Зимой продавцы на электроплитках, подключенных к автомобильным аккумуляторам, греют воду и понемногу подливают, чтобы теплолюбивые существа не замерзли. Выбранню покупателем рыбку они ловко вылавливают сачком и мгновенно выпускают в баночку, которую тут же следует спрятать за пазуху и так везти, иначе дома обнаружишь ледышку. Сами продавцы греются чаем, от которого сильно пахнет коньяком или ромом. Однажды после Нового года дядя Юра поехал со мной на Птичку, заранее хорошо раскочегарившись. Бродя меж рядов, он весело задирал продавцов:
– Что ж у вас, мужики, какая-то синяя килька стоит дороже севрюги! ОБХСС на вас нет!
Они сердились, объясняли, что сапфировую рыбку доставили прямиком с Амазонки и что добиться от нее потомства труднее, чем закадрить Аллу Ларионову!
– Знаем мы вашу Амазонку! Яузой она называется. А посинела ваша салака оттого, что туда разную химическую дрянь все время сливают…
Тут продавцы просто озверели, стали Башашкин гнать, обзывая всякими словами, а он, смеясь, шел дальше, в другие ряды, чтобы расспросить, как лучше готовить трогательных мохеровых кроликов – тушить, вялить или жарить… Смехотура! Там его чуть не побили. Жаль, что в пересменок я не успею съездить на Птичку. Впрочем, Лида все равно отказывается в мое отсутствие давать рыбкам живую пищу, называя трубочника и мотыля «червяками». Интересно, что бы она запела, если бы ей давали только концентраты Пищекомбината!

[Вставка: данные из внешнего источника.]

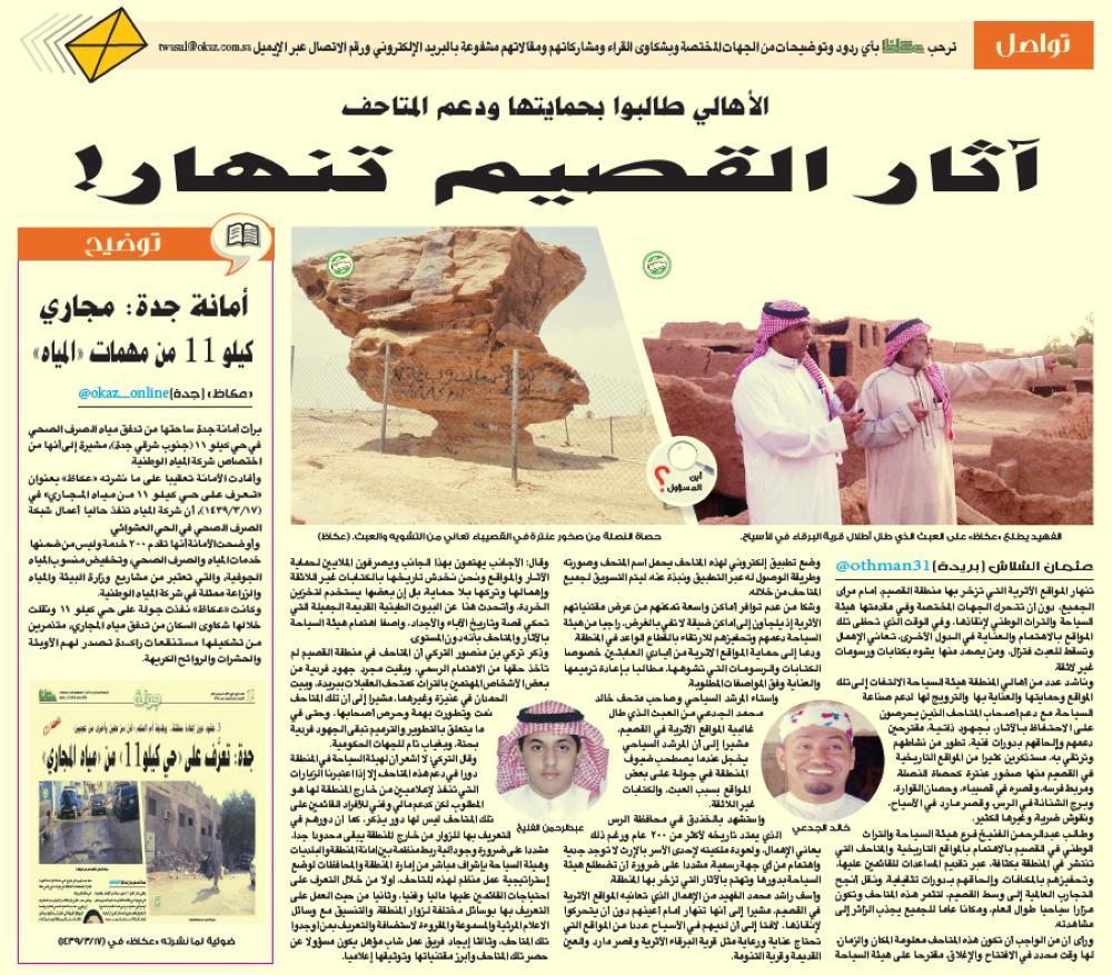 تعقيبا على تقرير«عكاظ» حول انهيار آثار القصيم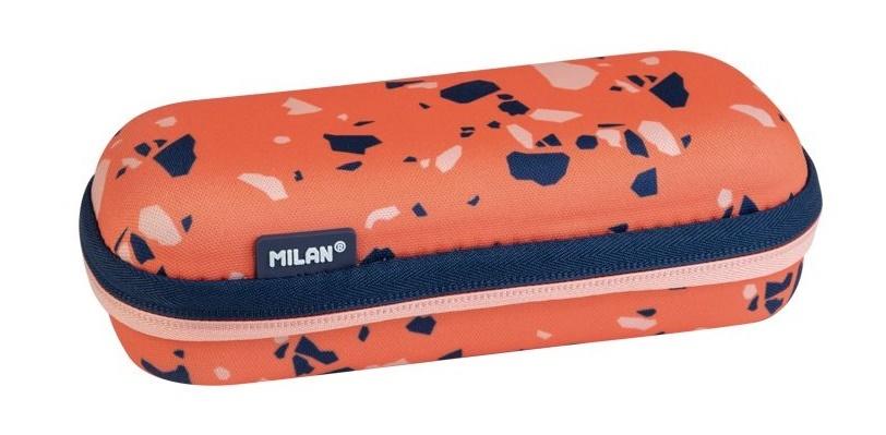 Piórnik MILAN owalny usztywniany z kolekcji TERRAZZO II zapinany na suwak w kolorze pomarańczowym. W środku dodatkowa kieszonka z siatki.

Насыпав в плавающую стеклянную кормушку шепотку сушеных дафний, я обнаружил, что корма осталось на донышке железной банки и до моего возвращения явно не хватит. Некоторые идиоты в таких случаях начинают кормить рыбок хлебом, а это конец питомцам.
Приводя хозяйство в порядок, я первым делом заостренной деревянной лопаткой счистил зеленый бархатный налет, которым заросли изнутри стекла. В этот момент, наверное, для обитателей будто открылся театральный занавес, а когда я включил рефлектор, подводный мир совсем стал похож на освещенную сцену. Быстро похватав корм, рыбки собрались, вращая плавниками, перед стеклом, словно бы с удивлением рассматривая меня. А вот интересно, знают ли они мое лицо, могут ли отличить, скажем, от вредителя Сашки? И о чем думают, глядя на меня? О чем беззвучно перешептываются?
Размышляя об умственных способностях рыбок и вообще всякой живности, я сифоном (это стеклянным трубка с утолщением посредине) собрал со дна накопившийся ил, потом, опустив в воду руку, отщипнул пожелтевшие листья валлиснерии и роголистника, хотел еще проредить элодею, сильно разросшуюся, но передумал: благодаря растениям, обогащающим воду кислородом, можно обходиться без продува. А компрессор у меня кустарный, сделанный из обычной футбольной камеры. Она накачивается с помощью груши от пульверизатора, и воздух из раздувшегося резинового шара по длинной трубке через распылитель, выточенный из пемзы, попадает в воду, превращаясь в облако крошечных пузырьков, красиво сверкающих в лучах рефлектора.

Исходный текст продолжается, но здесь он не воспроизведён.